**Collected data**
____________________

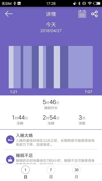 记录每天的睡眠情况,告知您每天的深睡、浅睡和清醒数据。
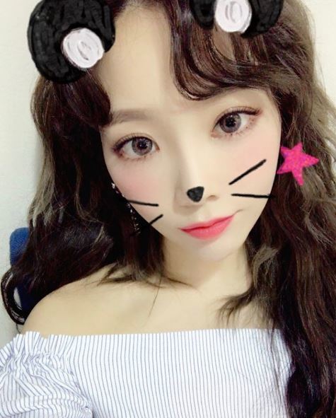 공개된 사진 속 태연은 어플을 이용해 귀엽게 합성한 생쥐 귀와 코 분장을 했다. 발그레한 볼과 하얀 피부 그리고 큰 눈에 앙다문 입술이 깜찍함을 더했다.
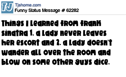 X things I learned from frank sinatra 1. a lady never leaves her escort and 2. a lady doesn't wander all over the room and blow on some other guys dice.

____________________

**Task to complete**
Starting with the top line, write out all the data above exactly; keep the pictures out.

**Result for this exercise**
 记录每天的睡眠情况,告知您每天的深睡、浅睡和清醒数据。
 공개된 사진 속 태연은 어플을 이용해 귀엽게 합성한 생쥐 귀와 코 분장을 했다. 발그레한 볼과 하얀 피부 그리고 큰 눈에 앙다문 입술이 깜찍함을 더했다.
 X things I learned from frank sinatra 1. a lady never leaves her escort and 2. a lady doesn't wander all over the room and blow on some other guys dice.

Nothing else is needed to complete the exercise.